Они проскакали по окраине селения и выехали на дорогу. На здешних лугах ещё позавчера мирно паслись коровы, раздутые, как бочки в виноградарских погребах где-нибудь на Виноградном Изгибе. Теперь же их словно прокололи иглой, выпустив весь воздух. Бока были усеяны тёмными проплешинами и гнойными нарывами, ветер доносил гнилостный запах. Животные лежали на пожухлой траве и лениво похлёстывали себя по бокам хвостами, отгоняя назойливых мух. Гирем обернулся.
Пространство вокруг селения было аккуратно поделено на ровные квадраты и прямоугольники полей: желтые, где росли пшеница, ячмень и овёс, зелёные — где росли овощи, красные — где зрели бобы катрейла. Сейчас над всем этим поднимались столбы дыма. Гирем коротко вздрогнул и повернулся лицом к дороге. Остальное время он и Джаркат ехали молча.
Подъёмный мост через ров был опущен, ворота открыты. Не обратив внимания на приветственные возгласы стражников, Гирем и Джаркат галопом проскакали по тоннелю и оказались во внутреннем дворике. Завидев их, навстречу поспешили конюшие. Гирем спрыгнул с коня, чьё имя было Гарапас, передал поводья слуге и глянул на историка.
— Ты говорил, что знаешь способ, как отыскать отца в этом демонами проклятом лесу. Пора им воспользоваться.
— Хорошо, но для этого способа мне потребуется восемь кристаллов сциллитума.
Гирем взметнул брови.
— На восемь кристаллов можно купить весь Герран вместе с его жителями.
— Или найти дивайна Рензама, что бы он спас твоего дядю.
Юноша думал недолго.
— Ладно. Подожди в обеденной зале. Мне нужно заглянуть ещё кое-куда.
Кивнув, историк направился к ступенькам главного строения. Гирем же повернул налево, в сторону двухэтажного жилого массива, с множеством окон. Некоторые из них ещё оставались застеклёнными, но большая часть имела ставни. Отец не очень сильно заботился об интерьере и экстерьере крепости. На внешней стороне стены имелись глубокие выбоины и сколы столетней давности, металлические пазы и крепления на гребне пустовали — стоявшие там некогда стрелковые орудия, которые предназначались для борьбы с шальными драконами, были давным-давно сняты и проданы.
Впрочем, подумал Гирем, отец не первый в роду, кто плевать хотел на реставрацию Ректагеррана. Ещё дед Эктар не беспокоился о её обороноспособности. Большие войны не заглядывали сюда больше века.

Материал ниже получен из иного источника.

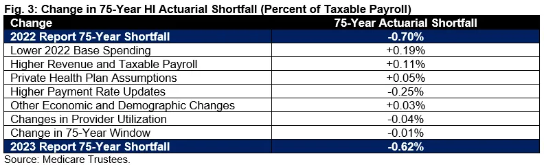 Offsetting much of this improvement, higher inflation and other factors led the Trustees to project increased provider payment updates (0.25 percent deterioration) and higher utilization of hospital care relative to post-acute care (0.04 percent net deterioration). The addition of 2097 into the projection window added a final 0.01 percent of payroll to the shortfall.
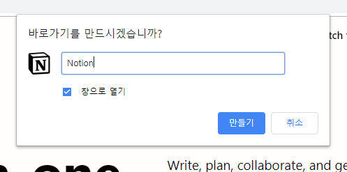 아래 사진과 같은 모달이 뜨는데 원하는 이름으로 변경하고, 창으로 열기를 선택합니다. 만들기를 눌러줍니다.
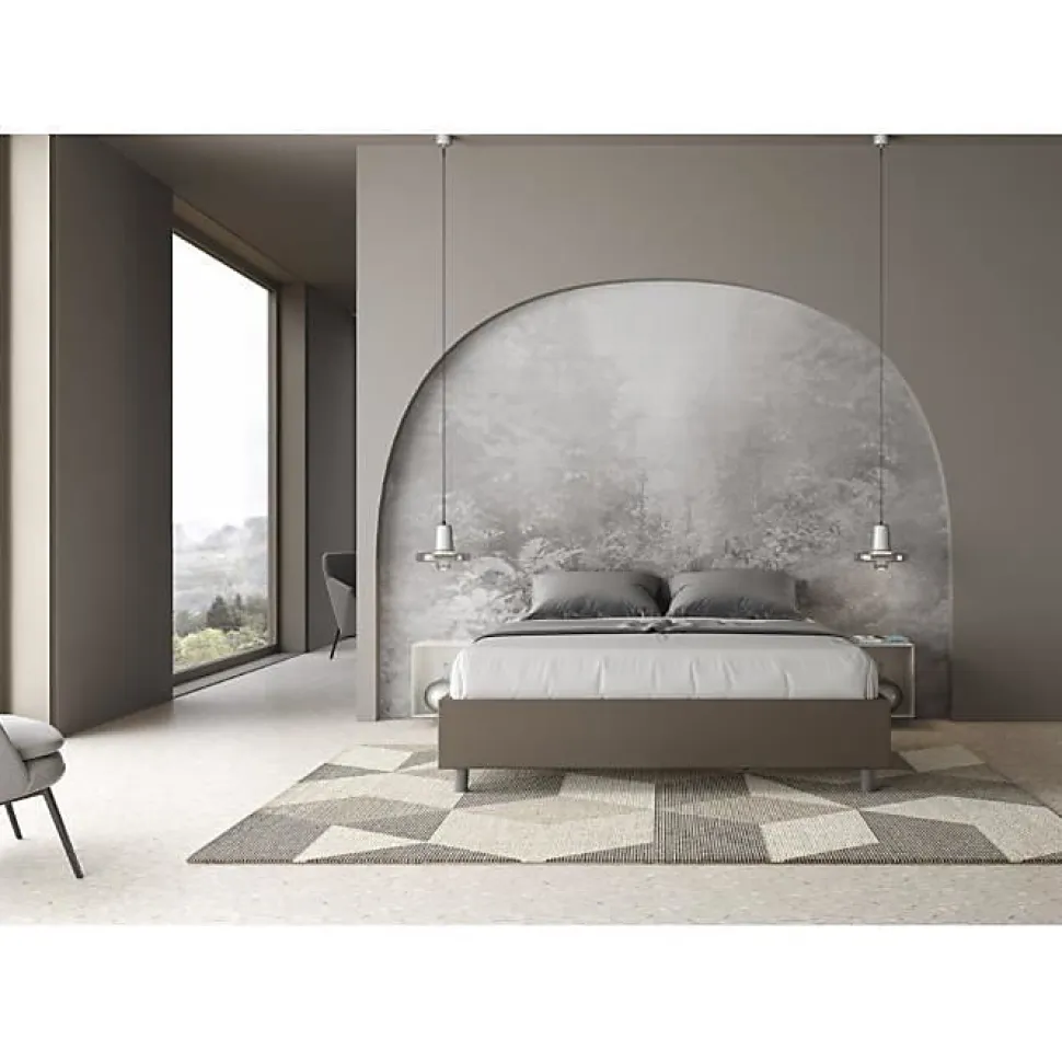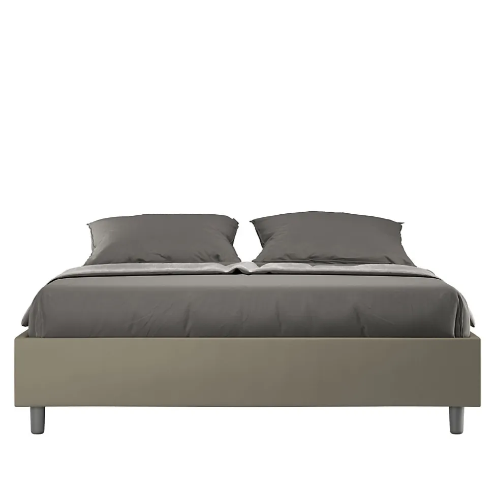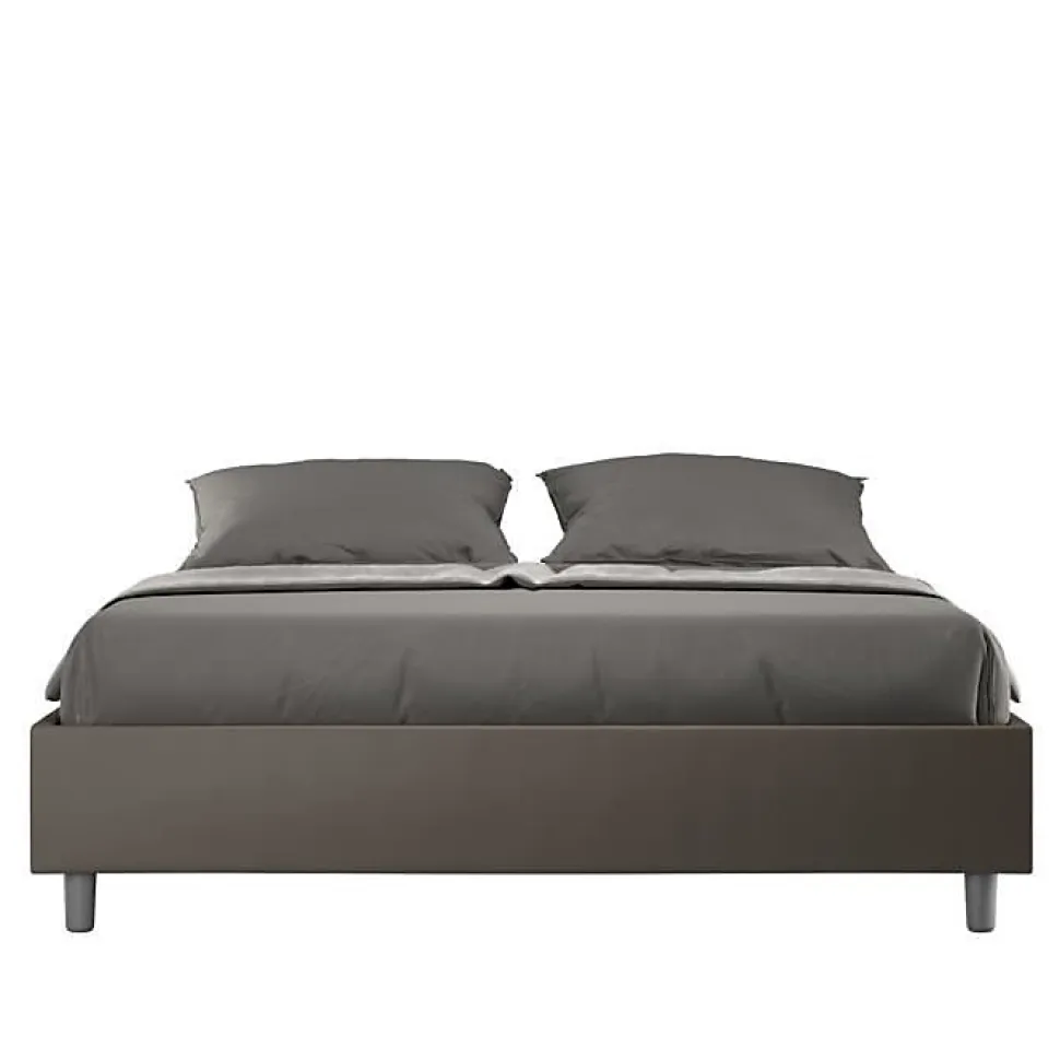 Lit double Azelia 160×190 sommier avec lit rembourré, revêtement en simili cuir, particulièrement polyvalent et facilement combinable avec n’importe quel style d’ameublement.Le lit double sommier Azelia 160×190 se caractérise par un style simple et linéaire accentué par l’absence de tête de lit.La présence du matériau en simili cuir, en plus de donner à la pièce une atmosphère accueillante et invitante, offre la commodité d’un nettoyage rapide et facile, grâce à l’utilisation d’un simple chiffon en microfibre.Lit fourni sans sommier, prévu pour sommier 160×190 h.4 cm et matelas 160×190 cm – Matelas non inclusCouvre-lit non amovible.Produit ItyhomeFabriqué en ItalieDimensions lit : L.172 P.202 H.39 cmHauteur des pieds : 12 cmHauteur du lit : 27 cmHauteur du lit depuis le sol : 39 cm

Последний раз Рензам и Алан по-настоящему обнажали рефракторы лет десять назад, и то — далеко к северу, у стен крепости Сибельниль, что принадлежала родственникам-Хлоям.
Он вошёл в здание и зашагал по узкому коридору, который озарял свет факелов. Рефрамантия была слишком дорогой для постоянного поддержания огня, равно как и необычные сферы диастрийцев, которые были распространены на западе, в Шуруппаке и при дворе Пророка Мирата Отраза, владыки Изры. Здесь, на востоке Изритского Теургиата, среди степей, неглубоких озёр и диких лесов, подобное было в диковинку и не по карману даже вассалам-ренедам и их сеньорам-дивайнам. Особенно таким расточительным дивайнам, как Рензам Рект.
Гирем остановился возле комнаты клирика. Дверь была плотно прикрыта; из-за неё доносились приглушённые голоса и тихий шорох. Гирем постучался и, скрипнув дверью, шагнул через порог. Окинул быстрым взглядом комнату.
На широкой, покрытой мягкими разноцветными покрывалами кровати, лежала нагая девушка. У неё были широкие бёдра и полная грудь, русые волосы свободно расплескались по плечам и подушкам, на которые она опиралась локтем, задумчиво глядя в окно с распахнутыми ставнями.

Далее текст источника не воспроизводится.